■ **ACTIVITY**:
Beginning with the line that contains "旅游管理专业委员会主任委员、" and ending with the last line of the records, write out each line exactly and omit the pictures.

DATA START

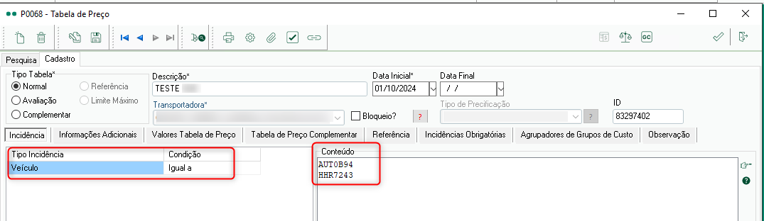 5. Na tabela de preço do transportador, o veículo cadastrado deve ser informado como incidência geral da tabela de preço. Exemplo:
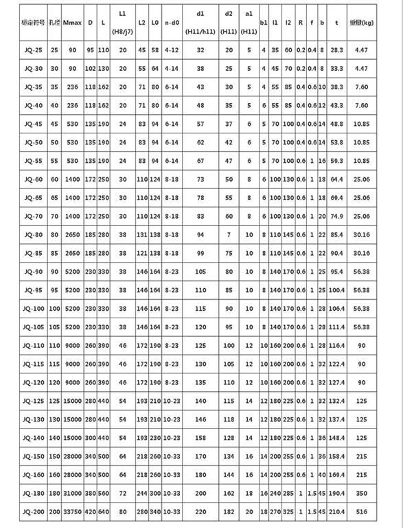 夾殼聯(lián)軸器的規(guī)格:
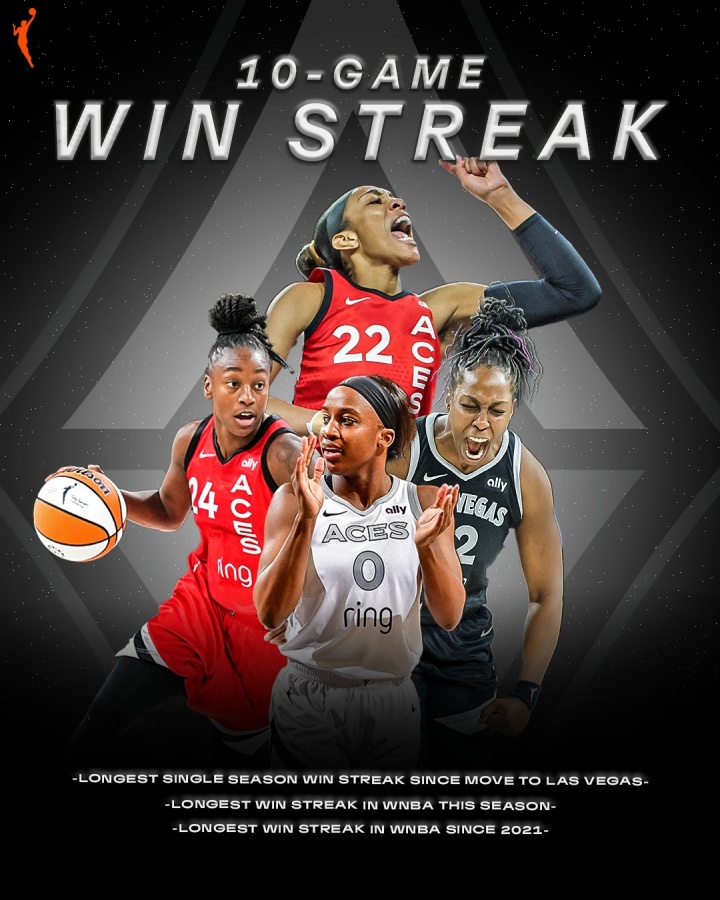 王牌队本次十连胜不仅创下球队迁至拉斯维加斯后的单赛季最长连胜纪录,同时也位列本赛季WNBA联盟最长连胜。
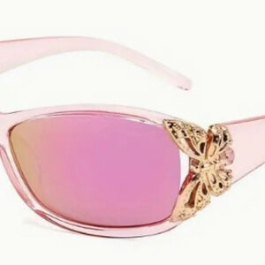 Pretty pink sunglasses with gold butterfly on each side.
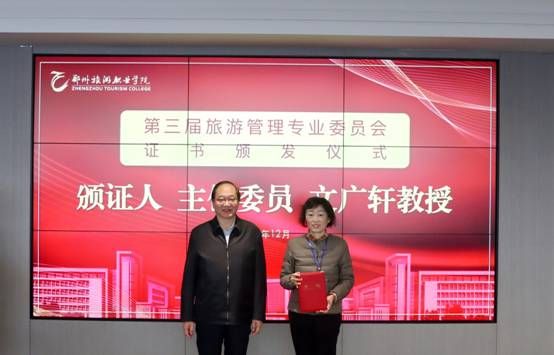 旅游管理专业委员会主任委员、海洋之神590登录入口校长文广轩教授宣读了旅游管理专业指导委员会成立文件,并为专委会副主任委员、办公室主任、委员颁发聘书。
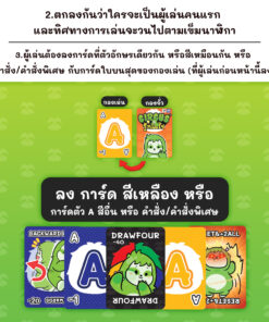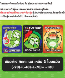 - สลับกันลงการ์ดต่อสีเหมือนหรืออักษรเหมือน หรือท้าทายผู้เล่นคนถัดไป โดยการลงการ์ดคำสั่งหรือการ์ดพิเศษ เป้าหมายคือทำให้การ์ดในมือหมดก่อนเป็น คนแรก คนที่เหลือจะโดนติดลบจากแต้มบนการ์ดที่เหลือในมือของตัวเอง ระวัง! อย่าละสายตา…เพราะโอกาสในการชิงลงการ์ดแทรกตาเล่นของคนอื่นมีอยู่ทุกวินาที

DATA END

■ **YOUR SOLUTION**:
 旅游管理专业委员会主任委员、海洋之神590登录入口校长文广轩教授宣读了旅游管理专业指导委员会成立文件,并为专委会副主任委员、办公室主任、委员颁发聘书。
 - สลับกันลงการ์ดต่อสีเหมือนหรืออักษรเหมือน หรือท้าทายผู้เล่นคนถัดไป โดยการลงการ์ดคำสั่งหรือการ์ดพิเศษ เป้าหมายคือทำให้การ์ดในมือหมดก่อนเป็น คนแรก คนที่เหลือจะโดนติดลบจากแต้มบนการ์ดที่เหลือในมือของตัวเอง ระวัง! อย่าละสายตา…เพราะโอกาสในการชิงลงการ์ดแทรกตาเล่นของคนอื่นมีอยู่ทุกวินาที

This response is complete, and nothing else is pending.